Except for the pictures, output the records in full and exactly.
Segment Start: AVAILABLE DATA
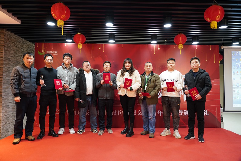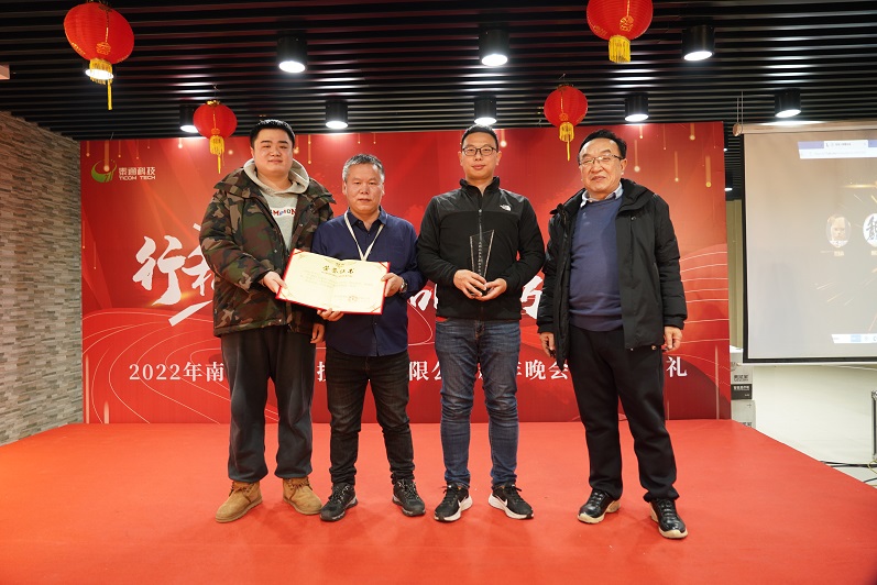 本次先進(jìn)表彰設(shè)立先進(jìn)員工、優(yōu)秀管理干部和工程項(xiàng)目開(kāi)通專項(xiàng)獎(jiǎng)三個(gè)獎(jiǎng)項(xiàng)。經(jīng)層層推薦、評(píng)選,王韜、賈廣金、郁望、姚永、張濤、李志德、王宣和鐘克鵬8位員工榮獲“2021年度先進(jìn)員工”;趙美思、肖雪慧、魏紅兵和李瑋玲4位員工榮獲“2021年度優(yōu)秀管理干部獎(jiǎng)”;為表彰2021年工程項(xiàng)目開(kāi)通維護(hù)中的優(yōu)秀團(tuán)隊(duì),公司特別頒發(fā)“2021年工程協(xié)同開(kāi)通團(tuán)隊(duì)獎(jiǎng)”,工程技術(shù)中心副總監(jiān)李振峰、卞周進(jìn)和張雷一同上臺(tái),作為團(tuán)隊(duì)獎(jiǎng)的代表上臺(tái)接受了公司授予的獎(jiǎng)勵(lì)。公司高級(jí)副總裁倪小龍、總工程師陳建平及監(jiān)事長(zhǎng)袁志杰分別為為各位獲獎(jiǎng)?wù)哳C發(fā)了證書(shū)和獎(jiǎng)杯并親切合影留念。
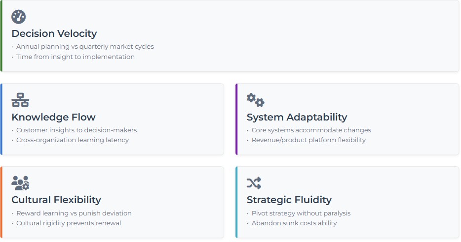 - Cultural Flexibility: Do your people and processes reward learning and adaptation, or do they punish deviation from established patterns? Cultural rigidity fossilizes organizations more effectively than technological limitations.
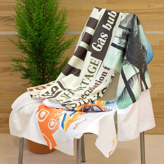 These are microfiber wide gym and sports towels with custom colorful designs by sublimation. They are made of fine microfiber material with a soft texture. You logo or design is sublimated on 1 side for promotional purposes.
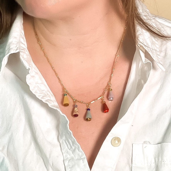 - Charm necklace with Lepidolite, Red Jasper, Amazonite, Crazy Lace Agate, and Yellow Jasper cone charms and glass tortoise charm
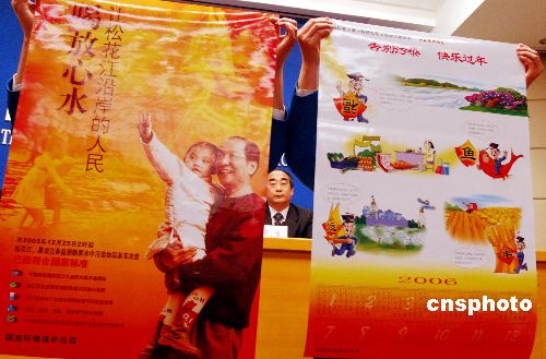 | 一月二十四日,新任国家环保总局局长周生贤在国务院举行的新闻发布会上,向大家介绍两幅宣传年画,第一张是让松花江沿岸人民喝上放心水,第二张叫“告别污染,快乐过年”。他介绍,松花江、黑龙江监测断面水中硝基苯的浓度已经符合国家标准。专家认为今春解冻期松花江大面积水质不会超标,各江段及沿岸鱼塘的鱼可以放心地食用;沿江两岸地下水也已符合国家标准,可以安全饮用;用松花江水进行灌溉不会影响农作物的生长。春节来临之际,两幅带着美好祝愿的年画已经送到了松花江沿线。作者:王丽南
Segment End: AVAILABLE DATA
OUTPUT
 本次先進(jìn)表彰設(shè)立先進(jìn)員工、優(yōu)秀管理干部和工程項(xiàng)目開(kāi)通專項(xiàng)獎(jiǎng)三個(gè)獎(jiǎng)項(xiàng)。經(jīng)層層推薦、評(píng)選,王韜、賈廣金、郁望、姚永、張濤、李志德、王宣和鐘克鵬8位員工榮獲“2021年度先進(jìn)員工”;趙美思、肖雪慧、魏紅兵和李瑋玲4位員工榮獲“2021年度優(yōu)秀管理干部獎(jiǎng)”;為表彰2021年工程項(xiàng)目開(kāi)通維護(hù)中的優(yōu)秀團(tuán)隊(duì),公司特別頒發(fā)“2021年工程協(xié)同開(kāi)通團(tuán)隊(duì)獎(jiǎng)”,工程技術(shù)中心副總監(jiān)李振峰、卞周進(jìn)和張雷一同上臺(tái),作為團(tuán)隊(duì)獎(jiǎng)的代表上臺(tái)接受了公司授予的獎(jiǎng)勵(lì)。公司高級(jí)副總裁倪小龍、總工程師陳建平及監(jiān)事長(zhǎng)袁志杰分別為為各位獲獎(jiǎng)?wù)哳C發(fā)了證書(shū)和獎(jiǎng)杯并親切合影留念。
 - Cultural Flexibility: Do your people and processes reward learning and adaptation, or do they punish deviation from established patterns? Cultural rigidity fossilizes organizations more effectively than technological limitations.
 These are microfiber wide gym and sports towels with custom colorful designs by sublimation. They are made of fine microfiber material with a soft texture. You logo or design is sublimated on 1 side for promotional purposes.
 - Charm necklace with Lepidolite, Red Jasper, Amazonite, Crazy Lace Agate, and Yellow Jasper cone charms and glass tortoise charm
 | 一月二十四日,新任国家环保总局局长周生贤在国务院举行的新闻发布会上,向大家介绍两幅宣传年画,第一张是让松花江沿岸人民喝上放心水,第二张叫“告别污染,快乐过年”。他介绍,松花江、黑龙江监测断面水中硝基苯的浓度已经符合国家标准。专家认为今春解冻期松花江大面积水质不会超标,各江段及沿岸鱼塘的鱼可以放心地食用;沿江两岸地下水也已符合国家标准,可以安全饮用;用松花江水进行灌溉不会影响农作物的生长。春节来临之际,两幅带着美好祝愿的年画已经送到了松花江沿线。作者:王丽南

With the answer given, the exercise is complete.